§ Exercise brief
Write the listing below out again exactly, dropping the images.

§ Provided material
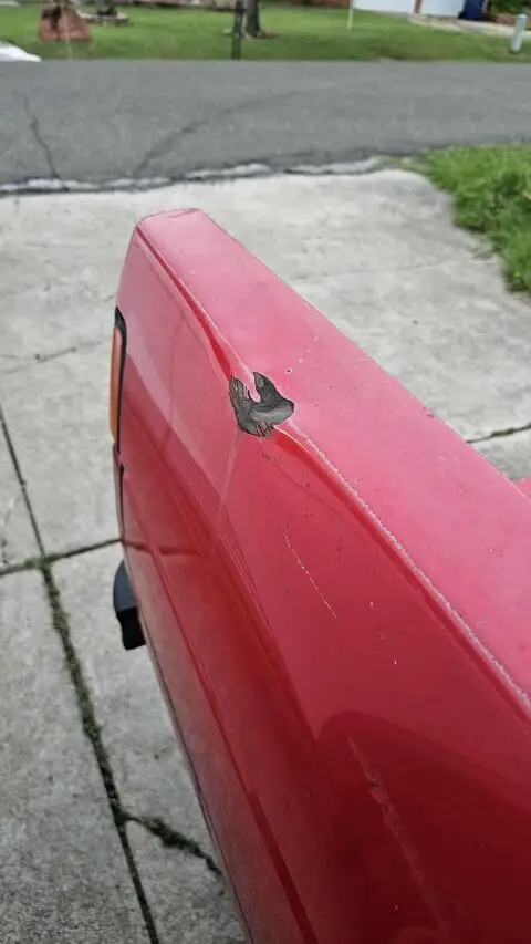 Exterior: Rough condition: Scrape from driver fender across door to include front side of bed. Passenger door handle broken, some primer showing on hood.
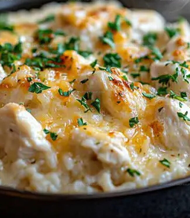 Creamy cheese sauce mingles perfectly with tender chicken and fluffy rice grains.
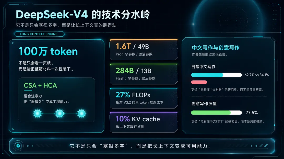 如果说 GPT-5.5 的关键词是“推进”,那 DeepSeek-V4 的关键词就是“装得下”。
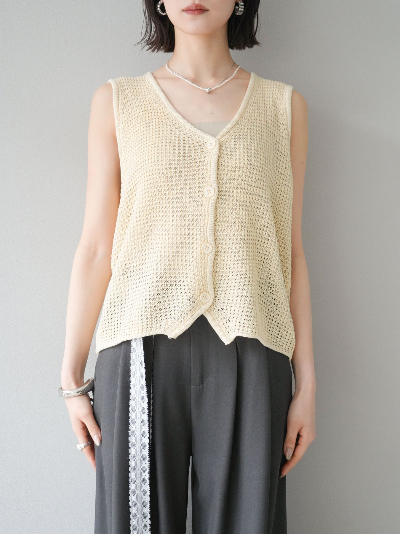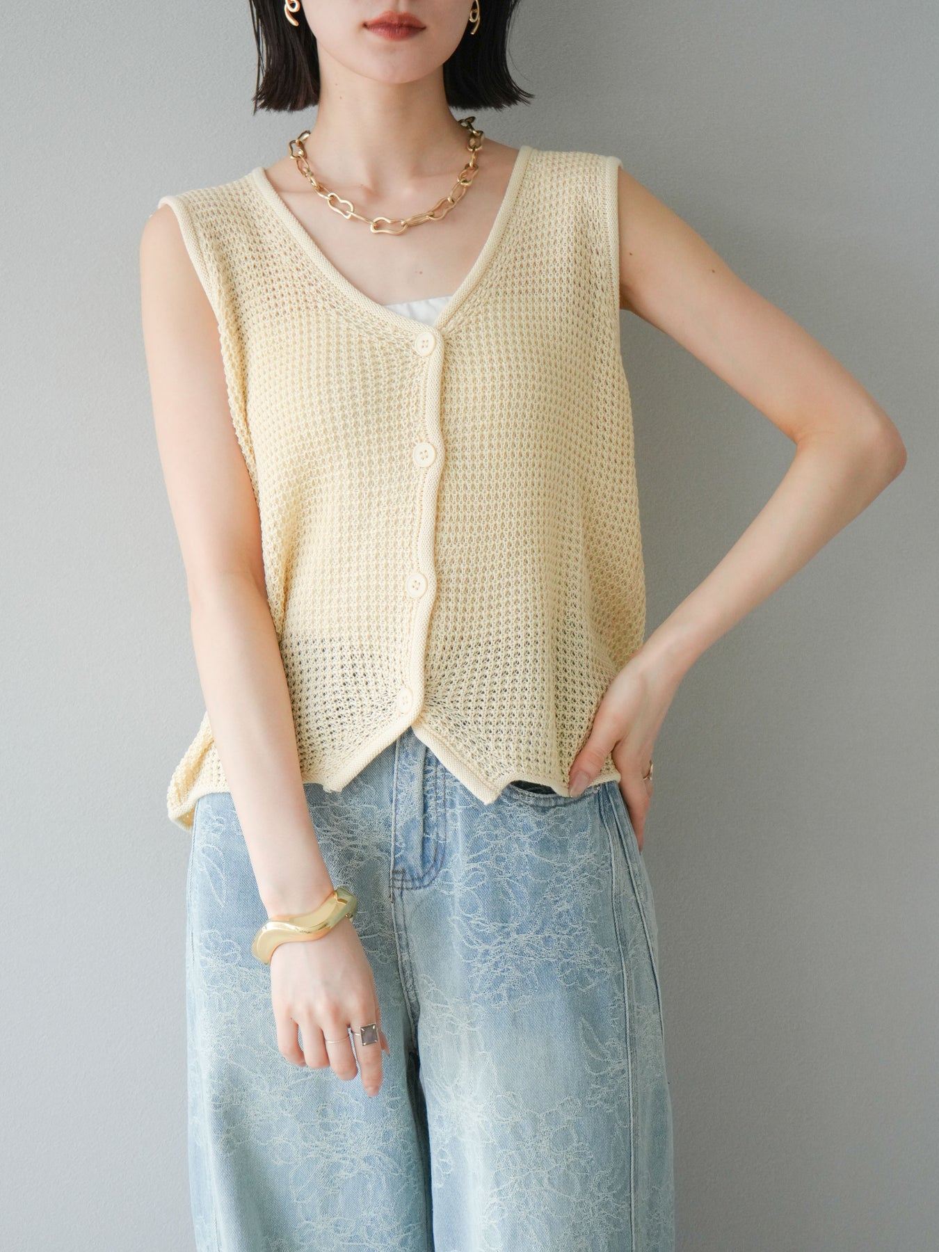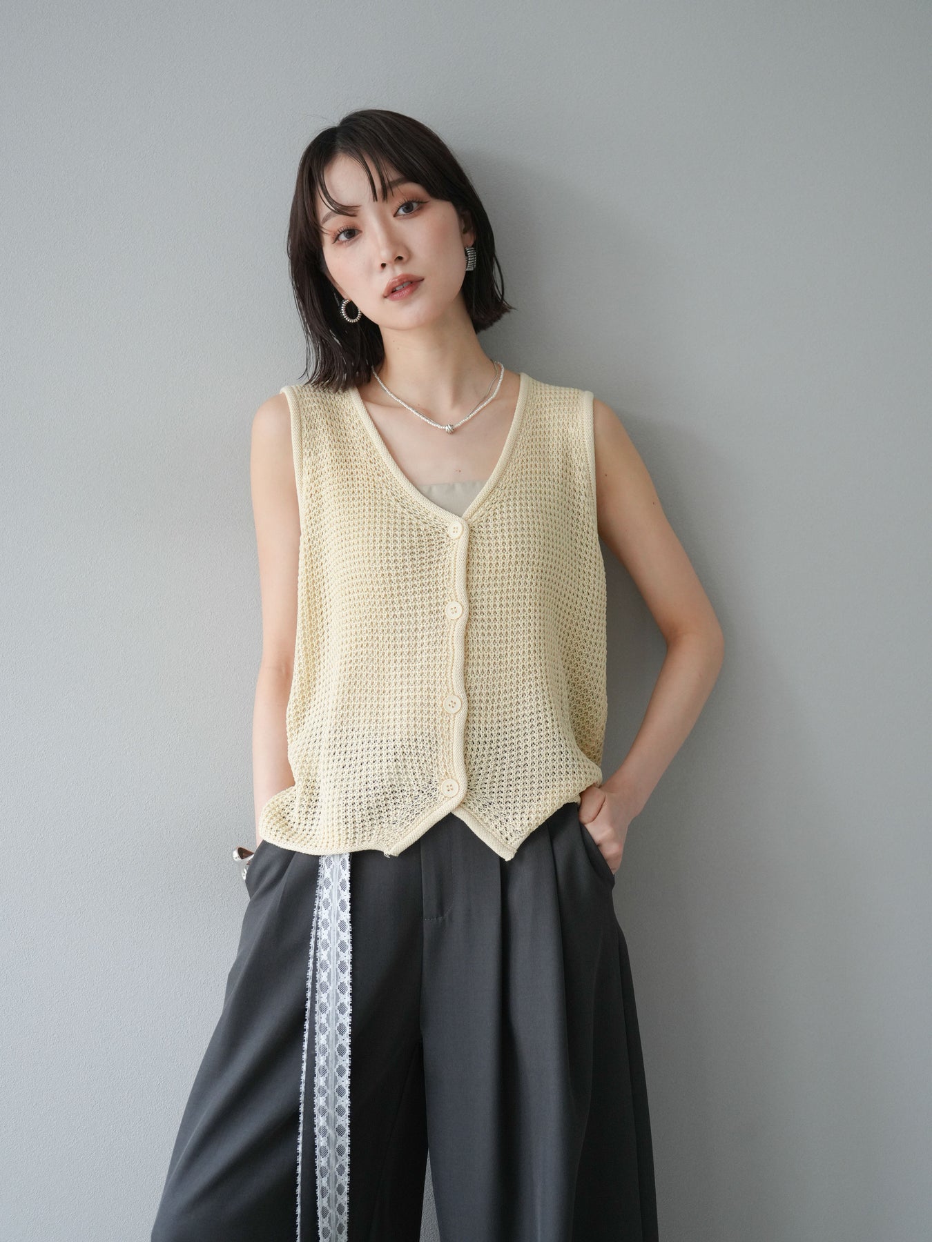 立體華夫格針織背心,非常適合春夏季節。輕盈透氣的材質,即使在炎熱天氣也能保持舒適穿著。正面扣環設計,方便穿脫,也適合搭配各種風格的內搭。 V領設計,打造乾淨俐落的臉部造型,可搭配各種內衣。色彩柔和,從自然到女性化的多種風格都能輕鬆搭配。 *除下裝和吊帶背心(內衣)外,其他商品均不含內衣。

§ Solution for this task
 Exterior: Rough condition: Scrape from driver fender across door to include front side of bed. Passenger door handle broken, some primer showing on hood.
 Creamy cheese sauce mingles perfectly with tender chicken and fluffy rice grains.
 如果说 GPT-5.5 的关键词是“推进”,那 DeepSeek-V4 的关键词就是“装得下”。
 立體華夫格針織背心,非常適合春夏季節。輕盈透氣的材質,即使在炎熱天氣也能保持舒適穿著。正面扣環設計,方便穿脫,也適合搭配各種風格的內搭。 V領設計,打造乾淨俐落的臉部造型,可搭配各種內衣。色彩柔和,從自然到女性化的多種風格都能輕鬆搭配。 *除下裝和吊帶背心(內衣)外,其他商品均不含內衣。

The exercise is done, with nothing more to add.